JOHOR BAHARU: A security guard who ran amok and stabbed a bank officer to death and injured another at a bank in Taman Molek here yesterday does not have a criminal record.

The 44-year-old man who was remanded for a week to facilitate investigations into the murder, tested negative for drugs.

Johor police chief Datuk Seri Mohd Mokhtar Mohd Shariff said the suspect who began work at the HSBC branch in January last year, did not have a firearms licence.

“He was assigned for static guard duties at the bank’s building and parking area,” he told reporters after visiting the murdered HSBC bank officer Ho Chin Tau’s 34-year-old widow who is five-months pregnant with the couple’s first child, and family members in Tampoi here yesterday.

The couple had been childless for five years.

In the 3.30pm incident on Friday, Ho, 33, sustained stab wounds in the face and chest while his female colleague, 54, was slashed in the face when a security guard ran amok and attacked them.

On the mental state of the security guard, Mohd Mokhtar said the matter was still under investigation by the police and the hospital authorities.

He said a special team headed by Johor CID chief Datuk Hasnan Hassan was formed to investigate the case, adding that the state police requested Bukit Aman police to lend a helping hand.

“The probe will involve the bank’s closed-circuit television cameras, the suspect’s home and the security company which employed him, bank manager and its staff,” he added.

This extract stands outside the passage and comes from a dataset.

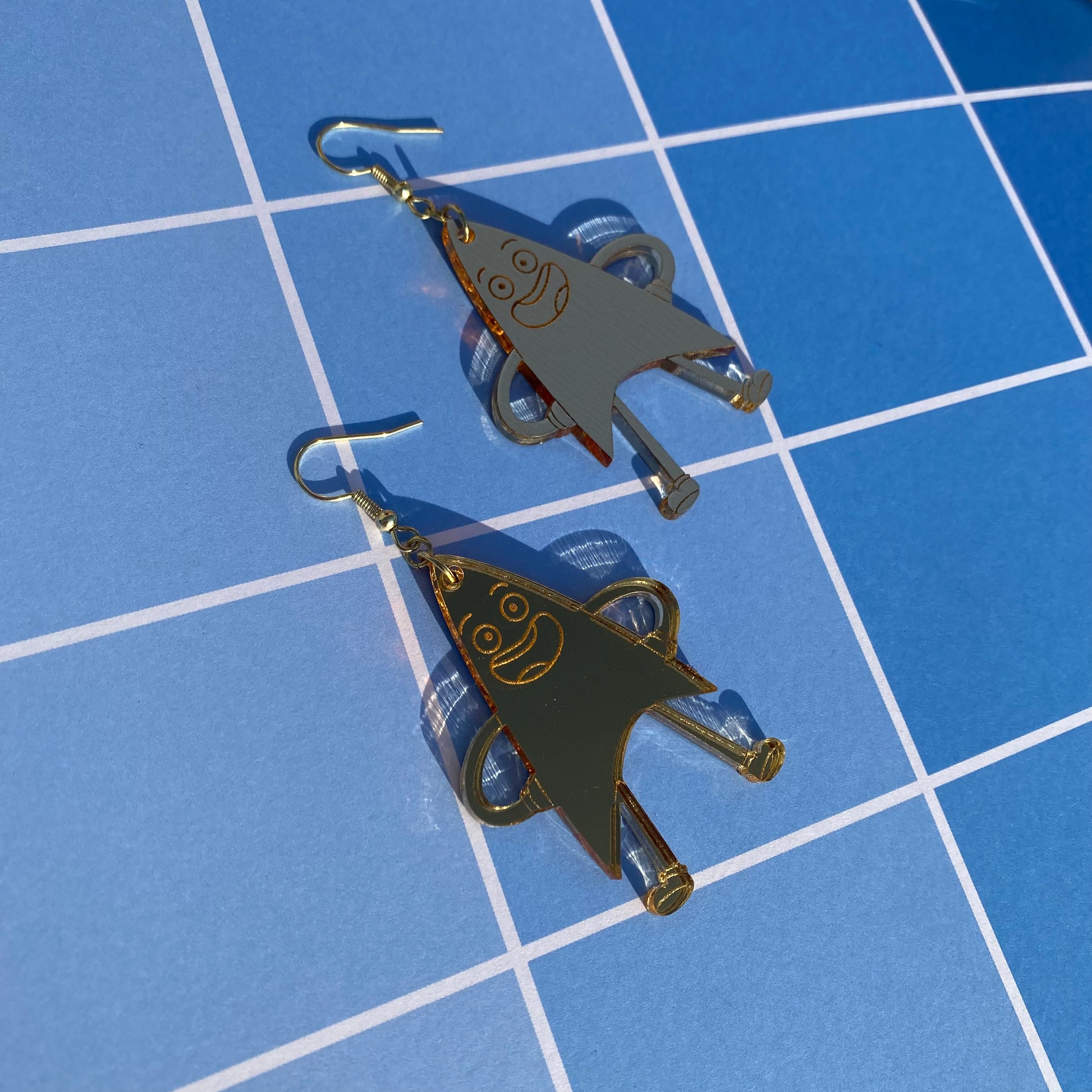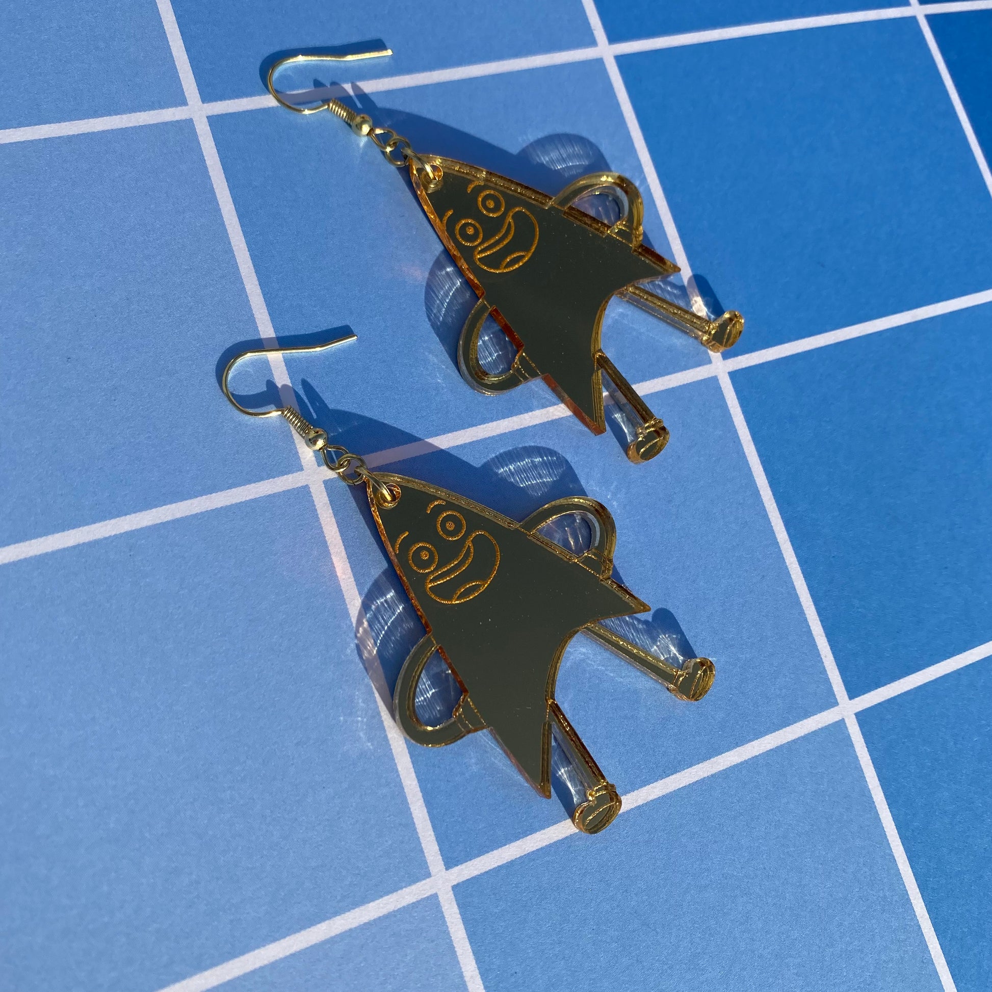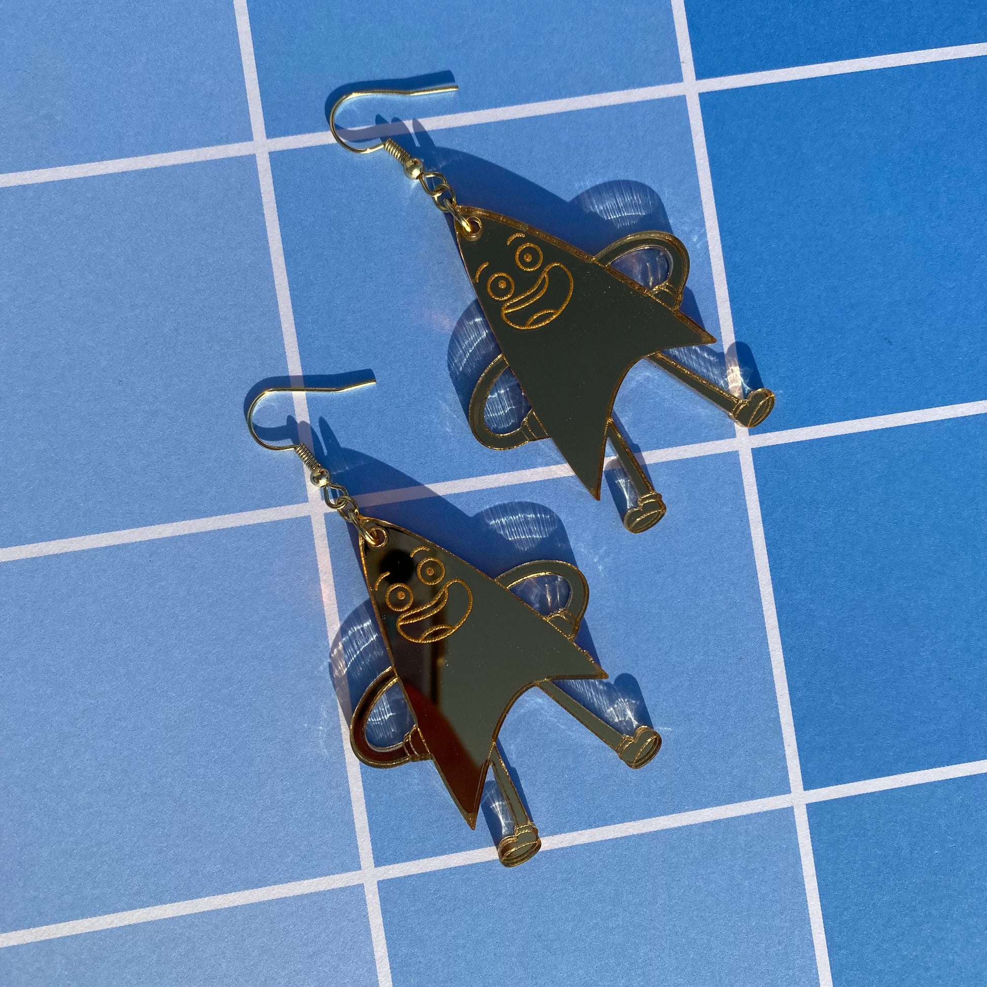 The earrings are 1.7” long and cut from my own laser! The earrings are etched from mirror backed acrylic, meaning the front is shiny and the back is a light grey color!

In a related development, Mohd Mokhtar said he would hold a meeting with 14 security companies in the state on Monday.

Meanwhile, the murdered victim’s father, Ho Guan Bee, 62, declined to comment except to say that he arrived from Tawau, Sabah yesterday, upon receiving the tragic news.

The suspect’s octogenarian father, when met at his house in Bandar Baru UDA, said his son had been a loner of late and engaged in minimal conversation with other family members, sometimes talking to himself.

“Yesterday, there were no drastic changes in his behaviour before he left for work … but I noticed that of late, he had turned into a loner and sometimes talked to himself.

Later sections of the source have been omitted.